Appl Opt. 2022 Feb 20;61(6):C116-C124. doi: 10.1364/AO.445315.
Conventional dictionary-learning-based computed tomography (CT) reconstruction methods extract patches from an original image to train, ignoring the consistency of pixels in overlapping patches. To address the problem, this paper proposes a method combining convolutional sparse coding (CSC) with total variation (TV) for sparse-view CT reconstruction. The proposed method inherits the advantages of CSC by directly processing the whole image without dividing it into overlapping patches, which preserves more details and reduces artifacts caused by patch aggregation. By introducing a TV regularization term to enhance the constraint of the image domain, the noise can be effectively further suppressed. The alternating direction method of multipliers algorithm is employed to solve the objective function. Numerous experiments are conducted to validate the performance of the proposed method in different views. Qualitative and quantitative results show the superiority of the proposed method in terms of noise suppression, artifact reduction, and image details recovery.

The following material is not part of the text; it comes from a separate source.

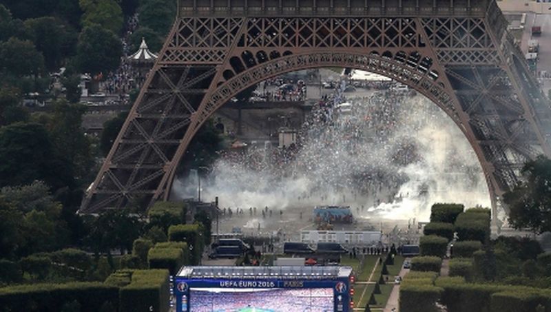 Incidentele din zona Turnului Eiffel au izbucnit după ce suporterii au încercat să intre în fan-zone, închis începând cu ora locală 19,00, după ce s-a umplut până la refuz (peste 90.000 de fani).

基于传统字典学习的计算机断层扫描(CT)重建方法从原始图像中提取补丁进行训练,忽略了重叠补丁中像素的一致性。为了解决这个问题,本文提出了一种将卷积稀疏编码(CSC)与全变差(TV)相结合的方法,用于稀疏视图 CT 重建。该方法通过直接处理整个图像而不将其分割为重叠补丁来继承 CSC 的优点,从而保留更多的细节并减少由补丁聚合引起的伪影。通过引入 TV 正则化项来增强图像域的约束,可以有效地进一步抑制噪声。使用增广拉格朗日乘子算法来求解目标函数。进行了大量实验来验证所提出方法在不同视图下的性能。定性和定量结果表明,所提出的方法在噪声抑制、伪影减少和图像细节恢复方面具有优势。